- [Task to complete]: Print the data exactly. Omit the pictures.

- [Dataset section]:
######
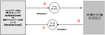 ② NT側グラフ表示プロセスはメールボックスにオブジェクトハンドルが着信後、そのハンドルをマップし、
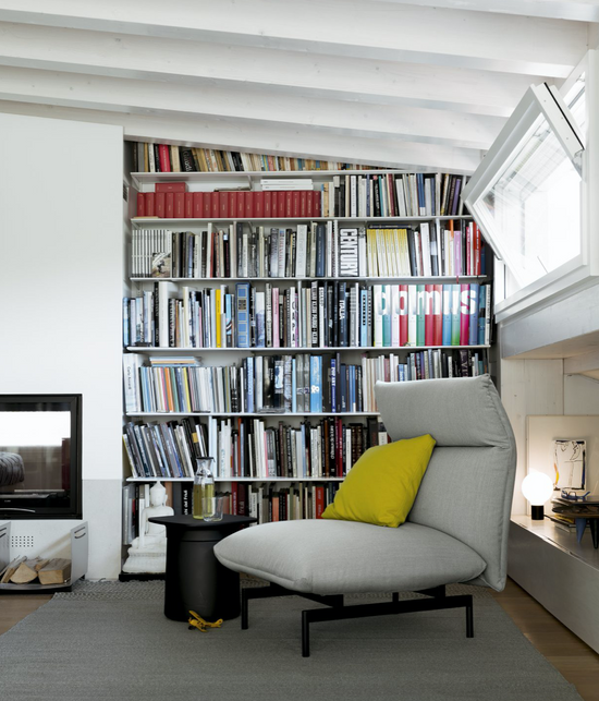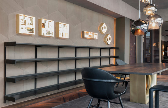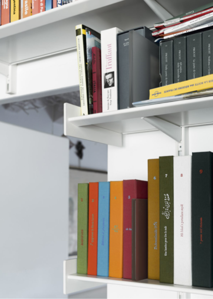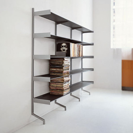Dot is a versatile system designed to furnish any space in the home, a light design element consisting of a few simple components that can lead to a multitude of solutions. It comprises narrow painted sheet metal shelves and light extruded anodized aluminium uprights, available in six different sizes or custom-made.
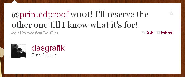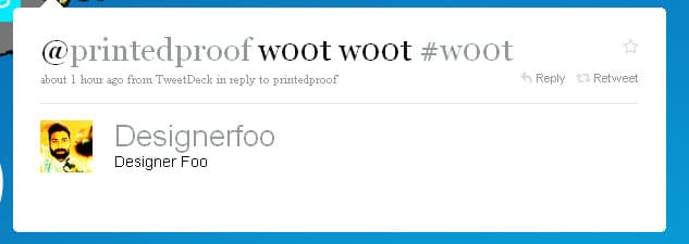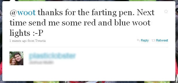 Huh? You got a “Twitter”, or a “woot” for your Twitter? I’m confused…
######
- [Completed task]:
 ② NT側グラフ表示プロセスはメールボックスにオブジェクトハンドルが着信後、そのハンドルをマップし、
Dot is a versatile system designed to furnish any space in the home, a light design element consisting of a few simple components that can lead to a multitude of solutions. It comprises narrow painted sheet metal shelves and light extruded anodized aluminium uprights, available in six different sizes or custom-made.
 Huh? You got a “Twitter”, or a “woot” for your Twitter? I’m confused…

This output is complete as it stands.